A practical, interview-focused guide that helps you structure answers, make tradeoffs explicit, and communicate clearly. Includes frameworks, cheat sheets, worked examples, and question banks spanning system design, microservices, load balancing, consistency, and distributed systems.
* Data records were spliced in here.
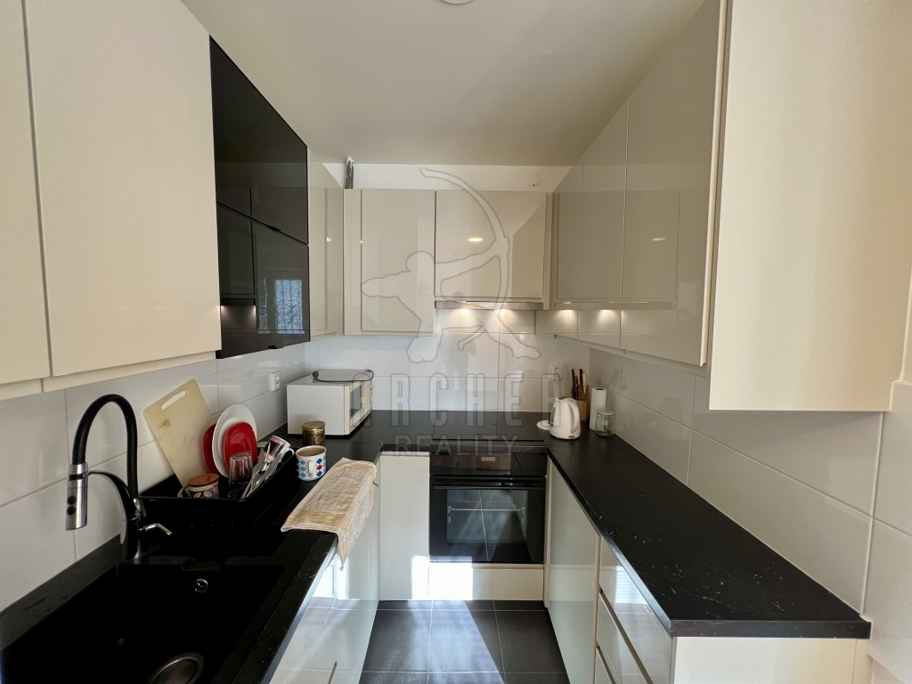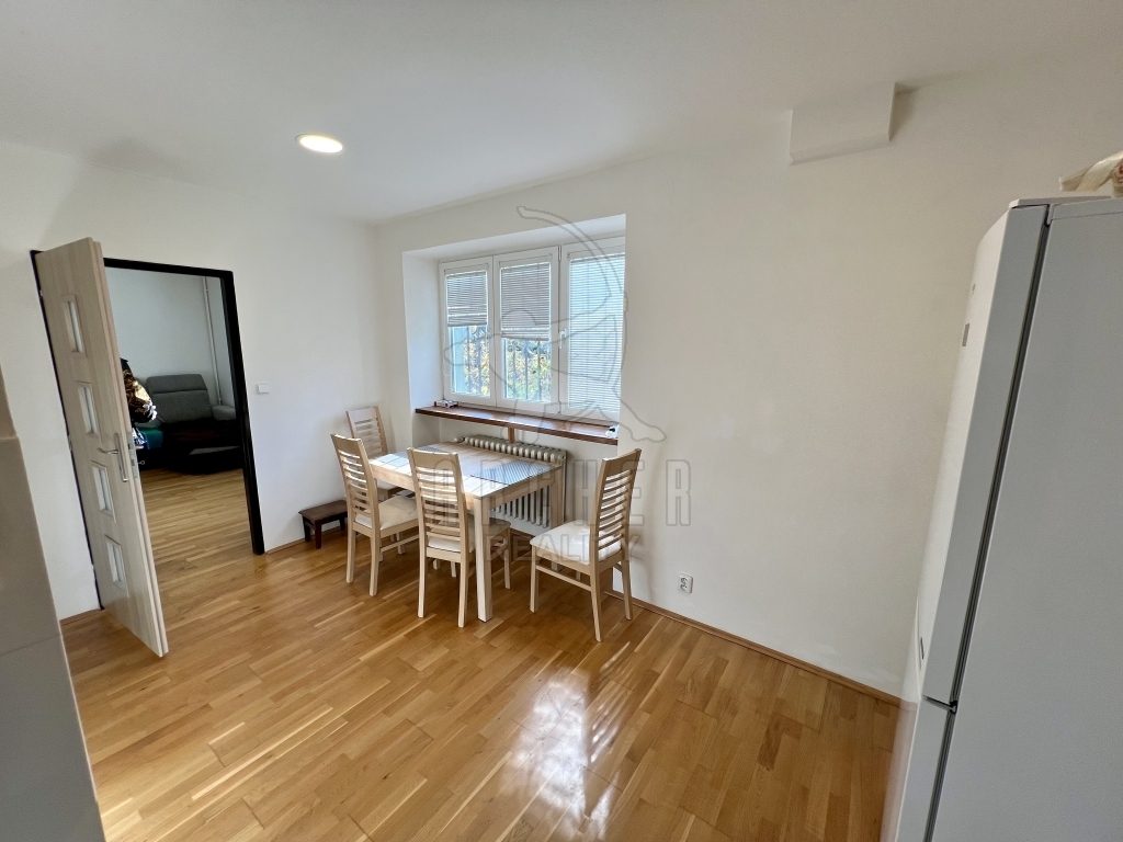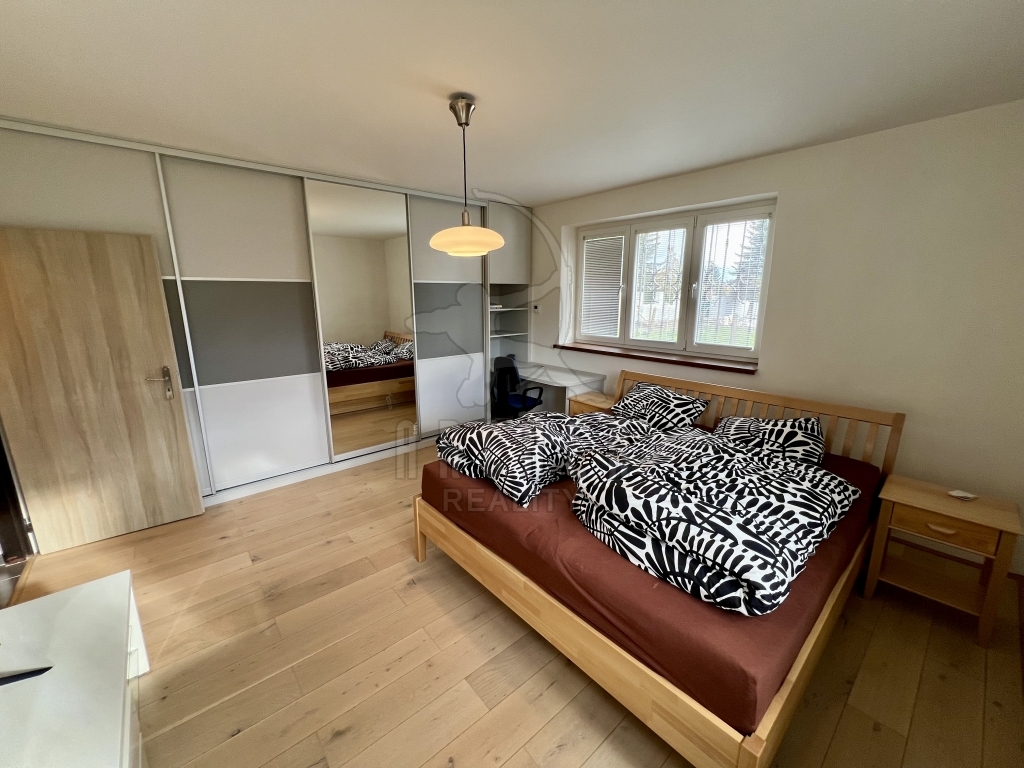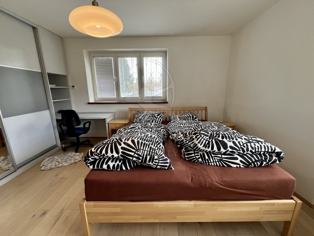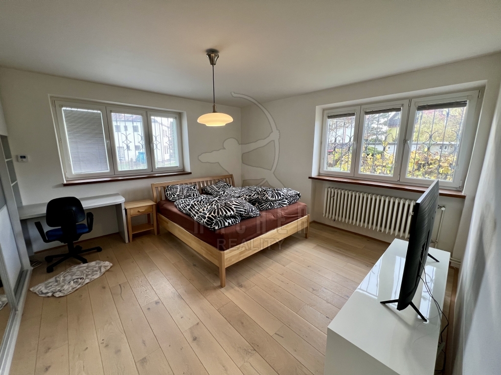 Velmi příjemný byt s podílem na ohromné zahradě se nachází na prvním podlaží cihlového bytového domu ze sedmdesátých let. Byt se nachází na úrovni terénu a má plně bezbariérový příchod. Ze společných prostor vstupujeme do podlouhlé chodby, která slouží jako hlavní komunikační tepna, zároveň nabízí příjemné zádveří. Na jihozápadní straně bytu nalezneme dva na sebe navazující pokoje, z nichž první slouží jako obývací prostora a druhý především jako jídelna. Z té se otevírá kuchyňský kout do praktického tvaru U, vybavený všemi moderními spotřebiči. Z oken je nádherný výhled do rozlehlé zahrady skrze soukromý vinohrad. Velkorysá ložnice v jihovýchodní orientaci je šikovně oddělena od zbytku bytu chodbou s dostatkem místa pro úložné prostory, kde také nalezneme plynový kotel. Ložnice je doslova zalita světlem, nabízí klid v opět krásné výhledy do zeleně. Celou jednu stěnu zabírají vestavěné skříně. Byt prošel v posledních pěti letech postupně precizní a náročnou rekonstrukcí - elektřina je v mědi, rozvody v plastu, stropní izolace a snížené podhledy dodávají bytu dojem novostavby. K bytu náleží sklep (2m2).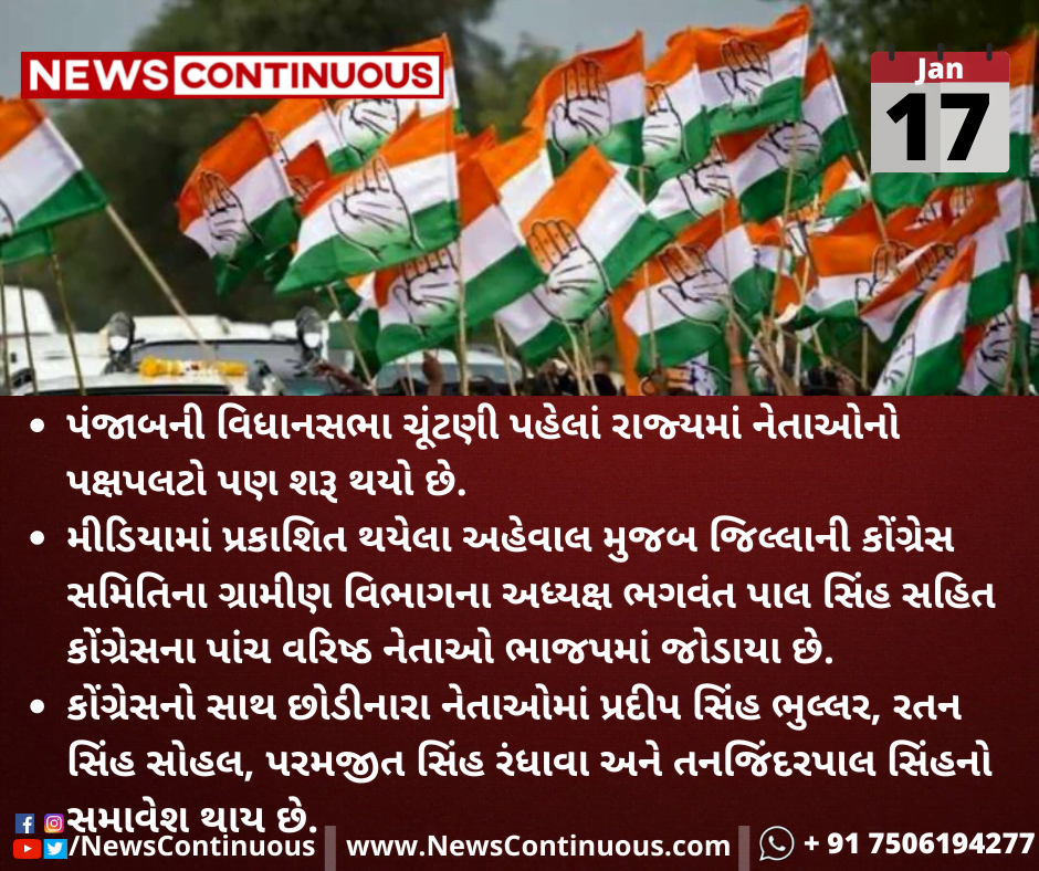 પંજાબની વિધાનસભા ચૂંટણી પહેલાં રાજ્યમાં નેતાઓનો પક્ષપલટો પણ શરૂ થયો છે.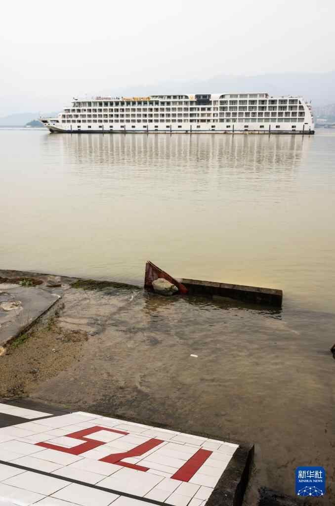 10月24日,船舶从三峡大坝上游湖北省宜昌市太平溪水文标尺前开过。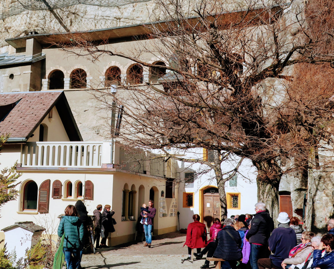 Ce double aspect du pèlerinage — extérieur, nous obligeant à quitter un lieu pour un autre, et intérieur, nous dépouillant du vieil homme pour revêtir le nouveau — nous pouvons le retrouver dans la célébration des « Sept vendredis de Longeborgne », destinés à vivifier et nourrir notre ferveur. Nous nous rapprochons alors de Marie pour recevoir d’elle les grâces de compassion, d’innocence et de charité découlant du sacrifice de son Fils, de l’« Heure » sublime de la Croix. Le pèlerinage est temporaire et transitoire : ce qui demeure, c’est le Royaume qui se construit en nous, dans la paroisse, dans la chrétienté, dans l’univers entier. Notre-Dame de Compassion nous accompagne jour après jour et demeure notre espérance jusqu’au tombeau où elle garde pour nous entre ses mains la grâce de la Résurrection.
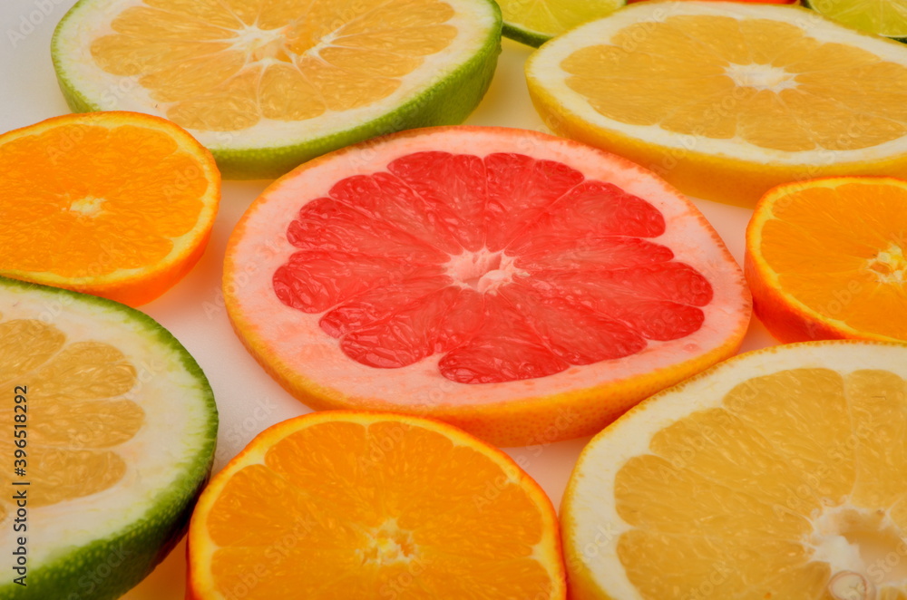Sliced citrus fruits background. Red grapefruit, oranges, lemons, lime, mandarins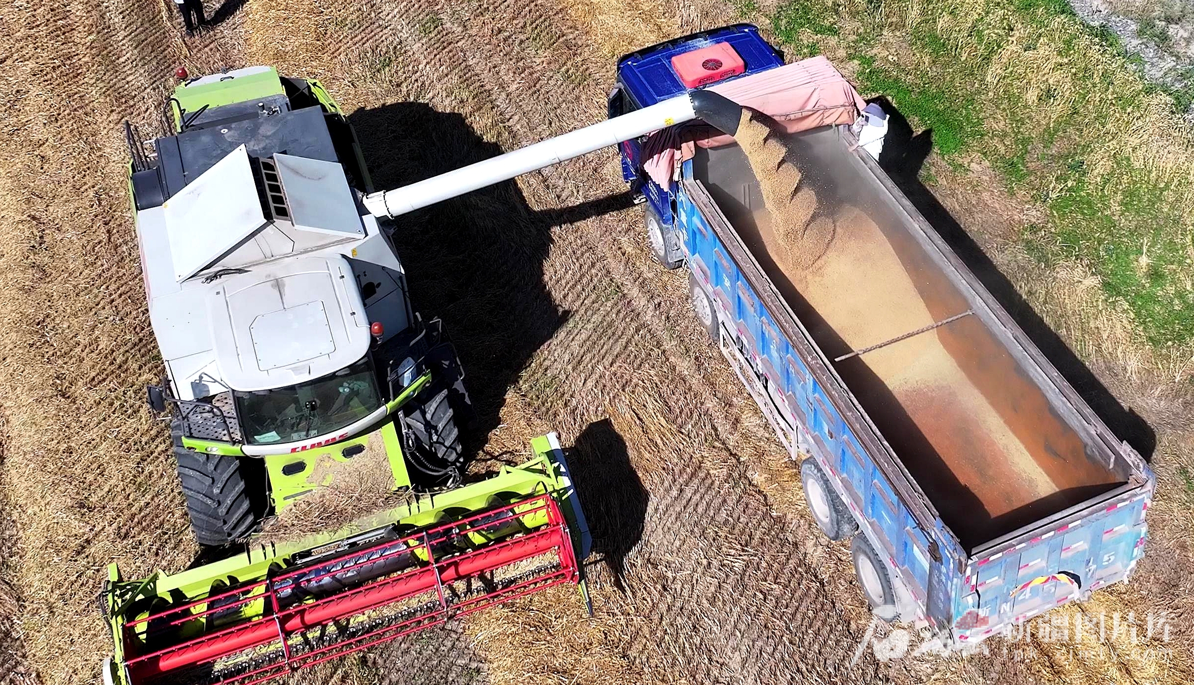 7月15日,在沙灣市東灣鎮(zhèn)的小麥地里,大型收割機(jī)在麥田里來(lái)回穿梭,將采收下來(lái)的麥粒裝上卡車運(yùn)往糧站。宋建亮攝
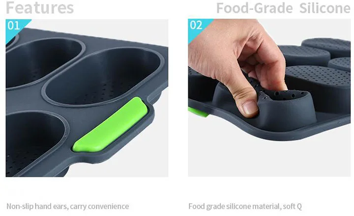 Пищевой силикон, температура от-40 до 230 градусов, может быть помещен в духовку или холодильник. Стабильность, теплопроводность, пластичность, легко моется. Одна форма содержит восемь карнизов. Хорошая гибкость, не легко треснуть при изгибе. Равномерное отверстие внизу, антипригарное, легко снимается.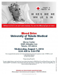 The American Red Cross will host a blood drive at The University of Toledo Medical Center Wednesday, Aug. 1, from 9:30 a.m. to 3:30 p.m.
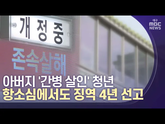 ◀앵커▶병든 아버지를 방치해 숨지게 한 이른바 '간병 살인'을 저질러 재판에 넘겨진 대구의 20대 청년이 항소심에서도 원심과 같은 징역 4년형을 선고받았습니다.정치권을 중심으로 동정 여론이 퍼지기도 했는데 재판부는 살인의 고의가 인정된다고 판단했습니다.권윤수 기자가 취재했습니다.◀권윤수 기자▶뇌졸중과 뇌출혈...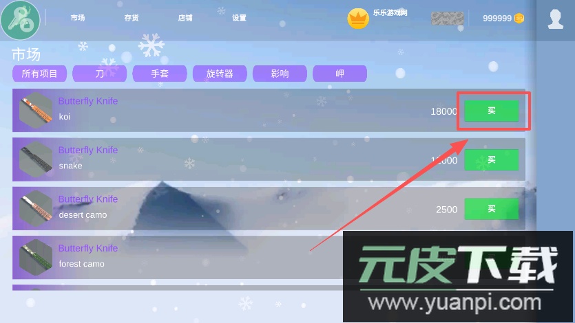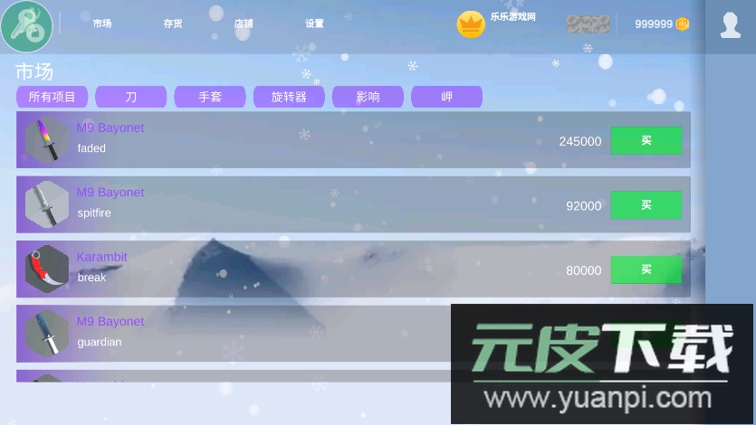 2、进入市场后,可以浏览各类武器装备。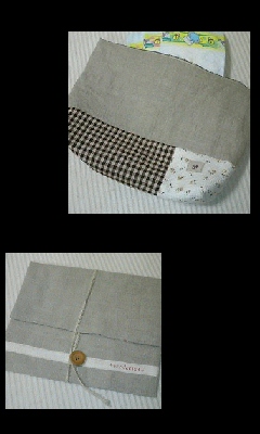 写真、携帯からなので変ですが作品の一部。オムツ入れと、ベビー着替え入れです。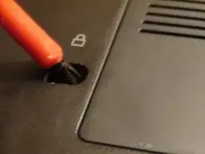 Найдите винт Phillips №1 длиной 4 мм рядом с изображением белого замка, который удерживает DVD-привод на месте.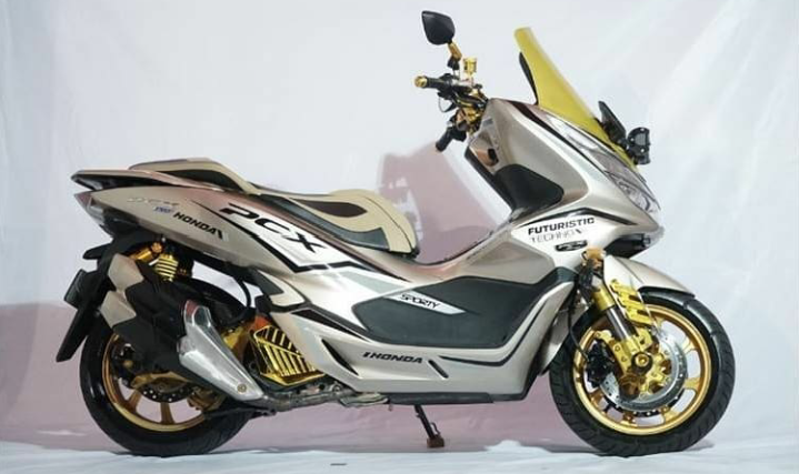 Warna Body dari Honda All New PCX 150 ini tidak diubah warnya dibiarkan saja warna aslinya cuma dikasih stiker pemanis supaya aroma futuristik tersasa.Mulai dari Velg masih gunakan standart dengan ubahan warna yang emas, ada tambahan dalam remnya kini menjadi Double Disk milik original Honda Tiget Revo. Dan bagian Suspensi depan diganti UpSide Down dengan Adjuster Set Segitiga milik Yamaha NMAX, bagian Suspensi belakang juga diganti Shock Tabung Ohlins original milik Honda vario 2007 dari bro vivid. Untuk spakbord depan masih standrt dari Yamaha NMAX juga, namun ada tambahanya Spakbordnya. Kaliper dari Disk ada dua satunya standrt bawaan Honda PCX yang satunya gunakan punya Kawasaki Ninja 250, untuk Ban gunakan ukuran yang sedikit agak lebar dengan ukuran depan 120/70 belakang gunakan ukuran 140/70 merk pirrelli Anggel Sccooter. Cover radiator fast bikers. Mufler Knalpot original CBR250RR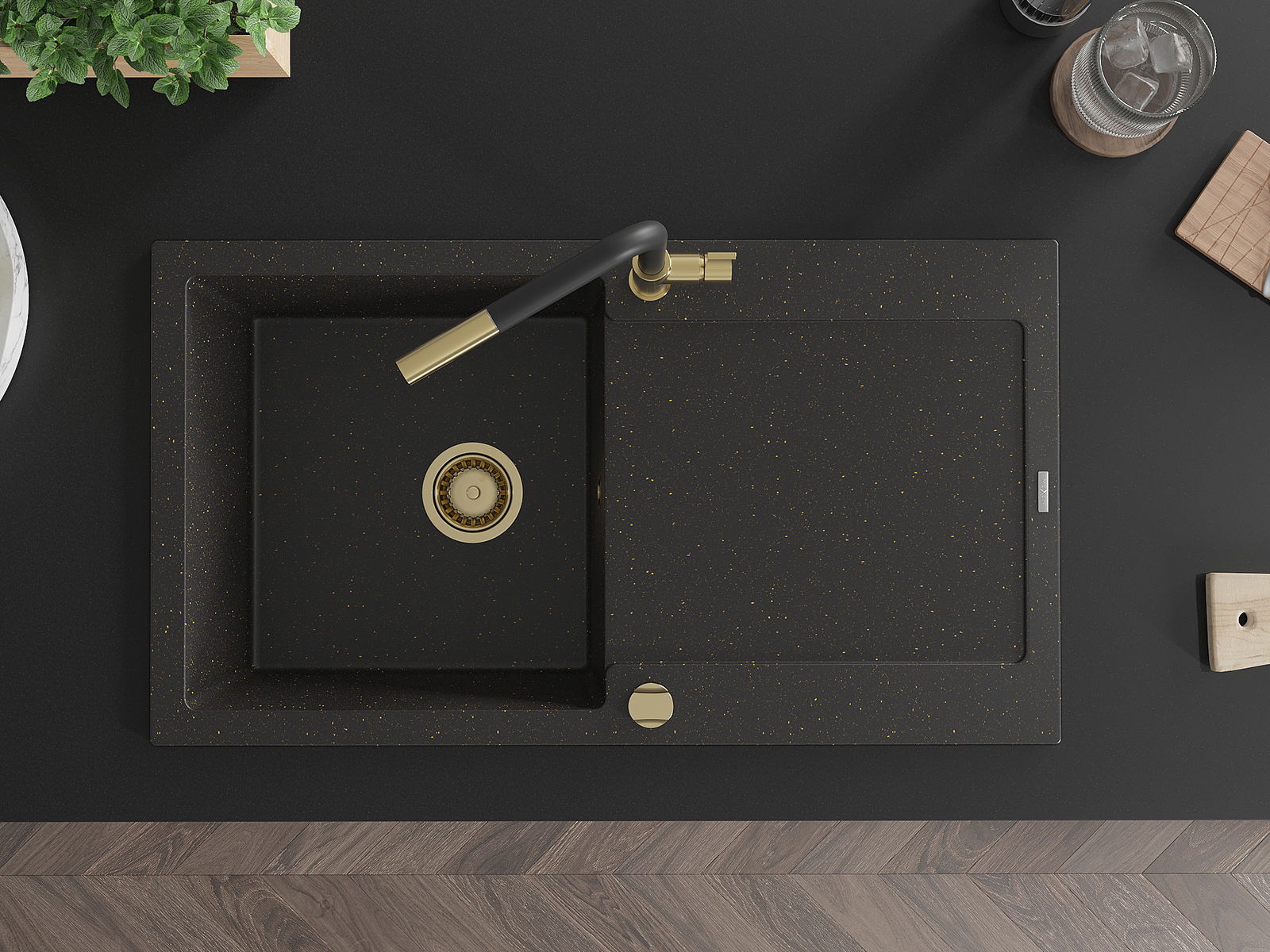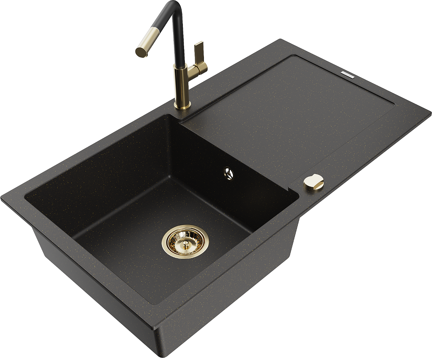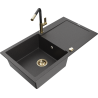 Mexen Leo lavello in granito a 1 vasca con sgocciolatoio e rubinetto cucina Flora, nero/oro metallizzato - 6501-75-670401-57-G

Contents: - 1. Interview Strategy - 2. System Design Framework - 3. Capacity Estimation Cheat Sheet - 4. Core Building Blocks - 5. Microservice Design - 6. Load Balancing - 7. Consistency and CAP - 8. Data Partitioning and Storage - 9. Caching - 10. Messaging and Streaming - 11. Observability, Reliability, and Operations - 12. Security Basics - 13. Common Design Templates - 14. Question Bank (Prompts and Follow-ups) - 15. Glossary - 16. References - 17. Distributed Systems Fundamentals - 18. Apache Kafka and Event Streaming - 19. Kubernetes Essentials - 20. Cloud Services Cheat Sheet (AWS, GCP, Azure)


1) Interview Strategy

  • Clarify requirements
  • Functional: core features, APIs, data flows, SLAs.
  • Non-functional: scale (RPS/QPS), latency budgets (p95/p99), availability target, durability, cost constraints, data privacy/regulations.
  • Access patterns: read/write ratios, skew (hot keys), geographic distribution.
  • Define constraints and scope
  • Back-of-the-envelope estimates.
  • Prioritize must-have vs nice-to-have.
  • Propose a high-level design
  • Draw components: client, CDN, LB, API, services, storage, cache, queue, analytics.
  • Define data flow and control flow.
  • Drill into key challenges
  • Bottlenecks; consistency vs latency; partitioning; failure modes; backpressure.
  • Alternatives with tradeoffs.
  • Deep dive on one or two subsystems
  • Pick the riskiest/highest impact subsystem and go deep.
  • Address operational concerns
  • Observability, rollouts, incident response, cost, security.
  • Summarize tradeoffs and next steps
  • “We optimized for X at the cost of Y. If requirements change to Z, we can pivot to …”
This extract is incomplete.